Exercise aim:
In your copy, include every line of the listing below exactly but none of the pictures.

Material provided:

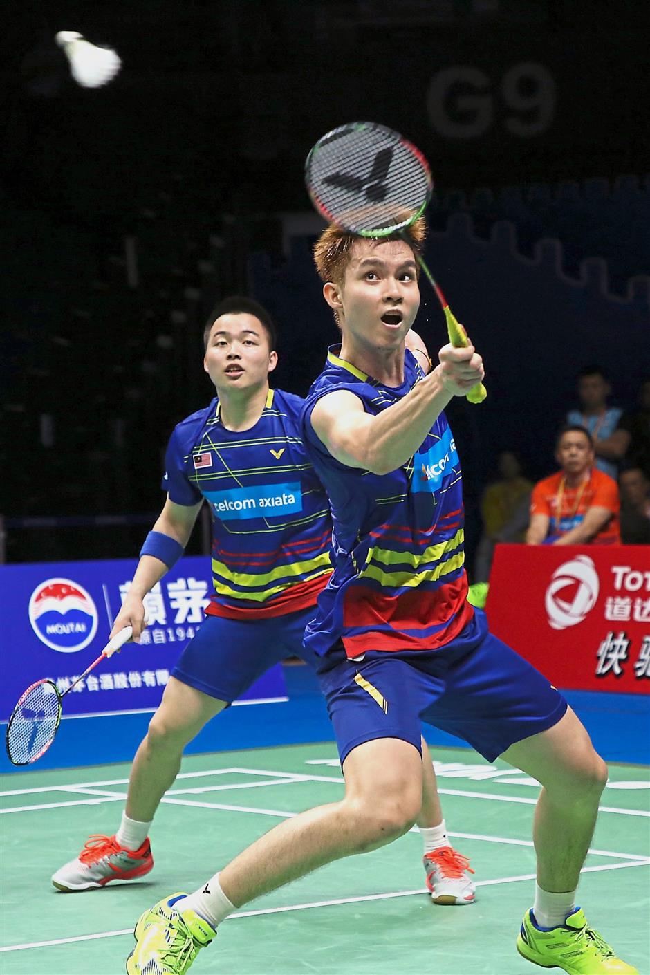 Malaysia's aaron chia (right) and soh wooi yik go for a shot in their men's doubles badminton group stage match against south korea's choi.
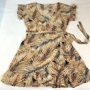 BILLABONG Short Sleeve Wrap Palms Print Mini Dress Size M
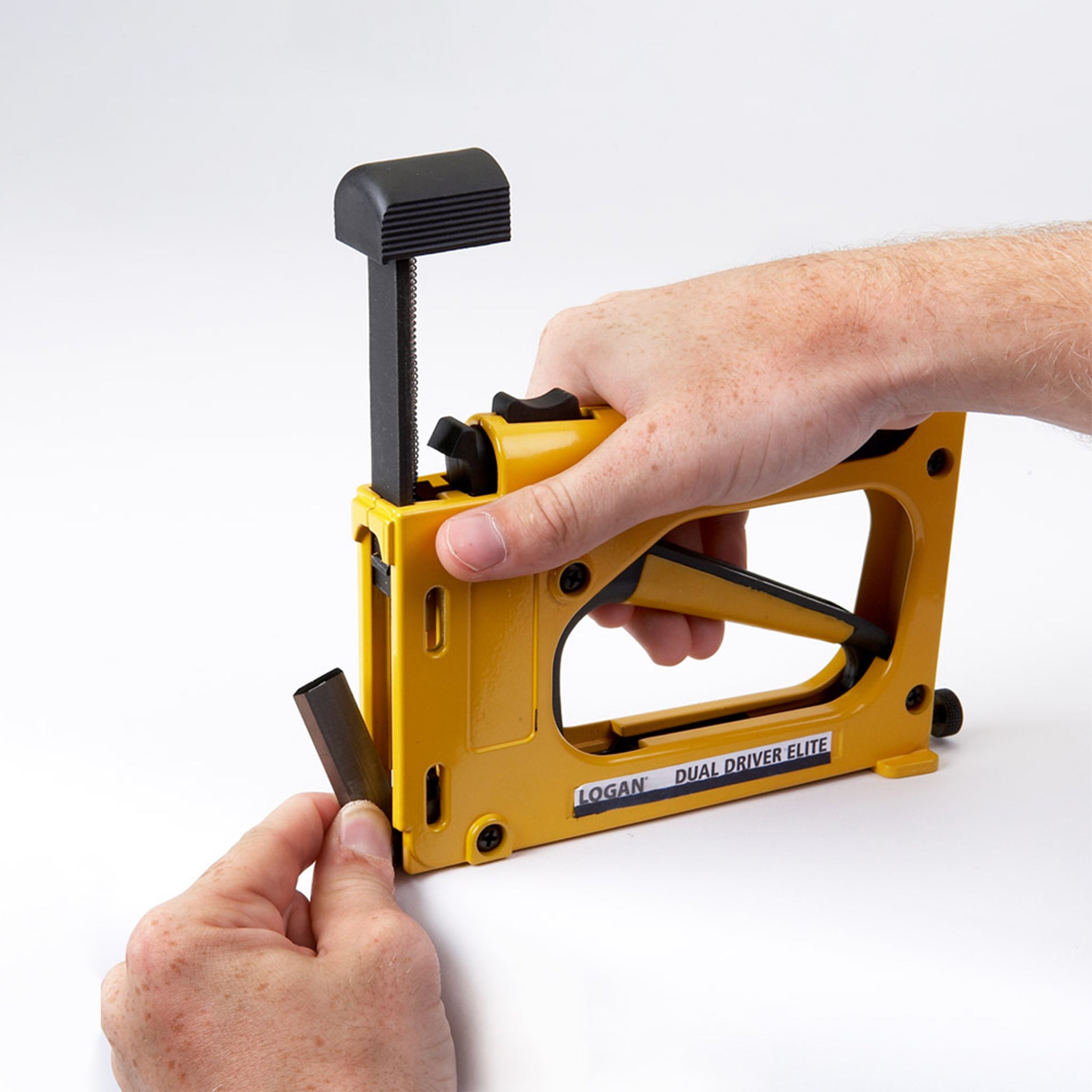 Drive your points home. The easy-to-use Logan F500-2 Dual Drive Elite is an efficient picture framing point driving tool. The Dual Drive Elite fires either rigid or flexible points into all types of wood moulding. Features an improved comfort grip, and an easy pull action. Uses F53 and F54 points.

Response to this task:
 Malaysia's aaron chia (right) and soh wooi yik go for a shot in their men's doubles badminton group stage match against south korea's choi.
 BILLABONG Short Sleeve Wrap Palms Print Mini Dress Size M
 Drive your points home. The easy-to-use Logan F500-2 Dual Drive Elite is an efficient picture framing point driving tool. The Dual Drive Elite fires either rigid or flexible points into all types of wood moulding. Features an improved comfort grip, and an easy pull action. Uses F53 and F54 points.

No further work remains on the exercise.